A Quiet Disparity: Brandon’s Story
Brandon is the four-year-old nephew of Daileann Hemmings, RN, BSN, MSN, and Connecticut Health Leadership Fellow Class of 2012. He wants you to know that he is going to a new school this year, and he likes to make “Spiderman fingers” when having his picture taken.
He also has Sickle Cell Disease (SCD), an inherited blood disorder that can cause a shortened life expectancy, extreme pain, even organ death. And if you look at Brandon, you’ll know why Daileann dedicated herself to changing how the health care system manages the disease.

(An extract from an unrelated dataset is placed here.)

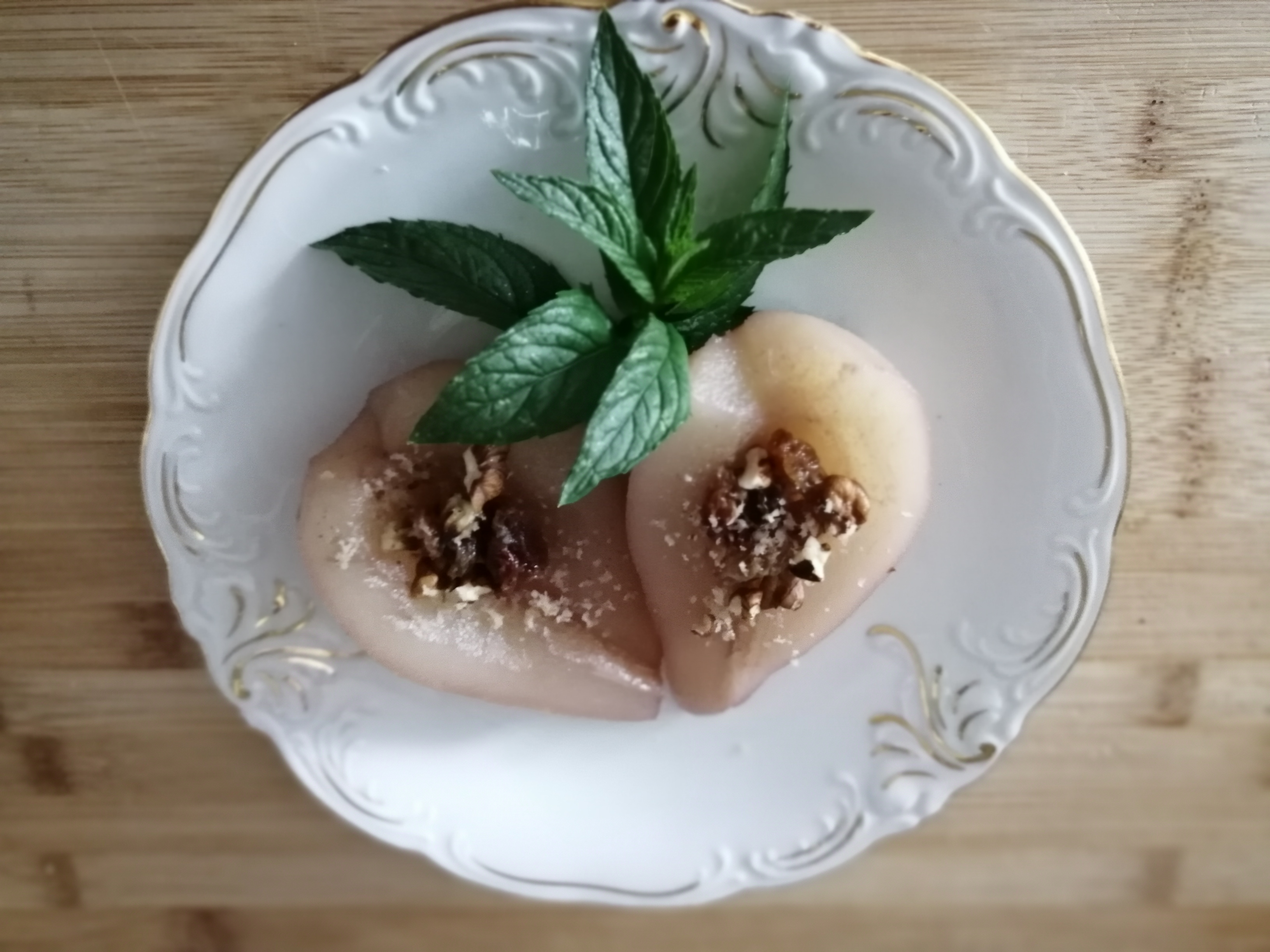 Preko kruške može da se prelije sos od vanile ili šlag, kao i listići nane koji će dati svežinu slatkišu.

Daileann is a certified intermediate community sickle cell counselor, and Vice President of the Board of Directors for Citizens for Quality Sickle Cell Care, an organization in Connecticut whose mission is “To ensure the availability and accessibility of quality and comprehensive medical care and support services for children and adults in Northern Connecticut with Sickle Cell Disease and other related disorders.”

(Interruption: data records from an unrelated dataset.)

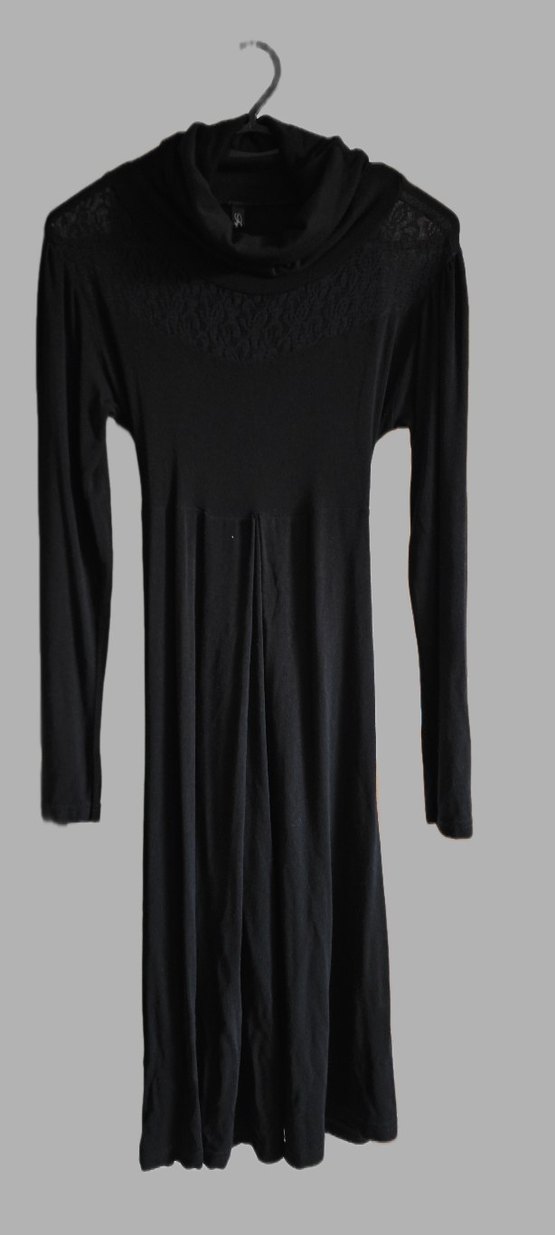Uzun kollu, yüksek yakalı ve drapeli tasarımlı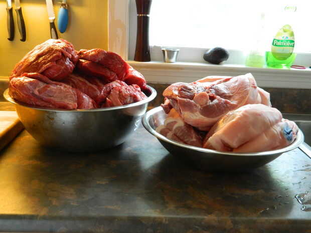 Me gusta una relación de 3:1, carne de res: carne de cerdo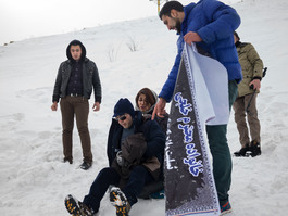 IRAN. Dizin. 2016. At a playground at Iran's biggest skiing resort, Dizin, Iranians from across the country enjoy the snow up in the Alborz mountain range. Those who don't know how to ski or can't afford the $27 dollars admission ride tubes or participate in snowman building competitions.

More than 100,000 Americans are living with SCD, and more than two million Americans carry the trait. Carrying the trait does not make you symptomatic. Where having the trait becomes a concern is when planning a family. If both you and your partner have the sickle cell trait, you have a 25 percent chance with each pregnancy of having a child with SCD. Families can prevent children being born with the disease as long as they are having conversations and getting screened for the trait.
The disparity in SCD is two-fold: historically, it has been believed that SCD only affect people of African descent, marginalizing the disease. The truth is that people of all races can carry the trait, which many people don’t realize, and they don’t undergo screening when deciding to have children.

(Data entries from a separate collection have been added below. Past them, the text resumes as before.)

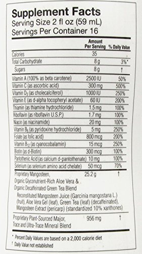 -. Binding : Health and Beauty -. Brand : Vemma Nutrition Company -. Feature : This gives you assurance that its ultra-premium blend of 12 essential vitamins, plant-sourced minerals, whole-fruit mangosteen, organic glyconutrient-rich aloe vera and organic green tea is giving your body the essentials it needs to form a solid nutritional foundation. -. IsAdultProduct : 0 -. Label : Vemma Nutrition Company -. Manufacturer : Vemma Nutrition Company -. ProductGroup : Health and Beauty -. ProductTypeName : HEALTH_PERSONAL_CARE -. Publisher : Vemma Nutrition Company -. Studio : Vemma Nutrition Company -. Title : Vemma Mangosteen Plus with Essential Minerals Two 32 Oz Bottles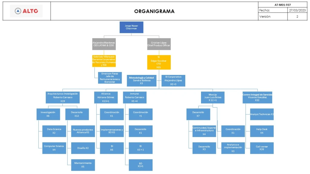 - Help Desk, is responsible for providing Alto’s employees with a single point of contact through which their needs related to the use of resources and services of technological platforms are resolved and/or channeled, always according to a standard adopted by the company.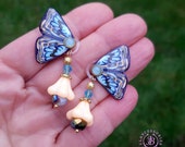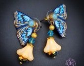 Blue butterfly earrings in Art Nouveau style

The second piece of the disparity is that the needs of SCD patients are not always well-understood by providers. SCD changes the shape of the red blood cell from a from a flexible, circular shape into a hard crescent shape – a sickle. The cells can spontaneously become stuck in the joints and cause an unbearable pain crisis, requiring emergency room care. Providers, however, often treat these patients as if they were medication-seeking, and don’t give them the pain medication they need. An untreated crisis can lead to organ failure and death.
In Connecticut, the good news is that systems changes are happening at the hospital level. At Connecticut Children’s Medical Center, University of Connecticut Farmington Hospital, and Yale University, a patient that is identified as having SCD receives immediate care. Daileann herself educates providers so that they understand the needs of SCD patients in crisis.
As Daileann says in the video, awareness of the disease and its complexities is critical, both for prevention and to ensure the appropriate administration of care.
Does someone you know and love have SCD? What other systems changes could we be making in order to create better care, and ultimately, a cure for the disease?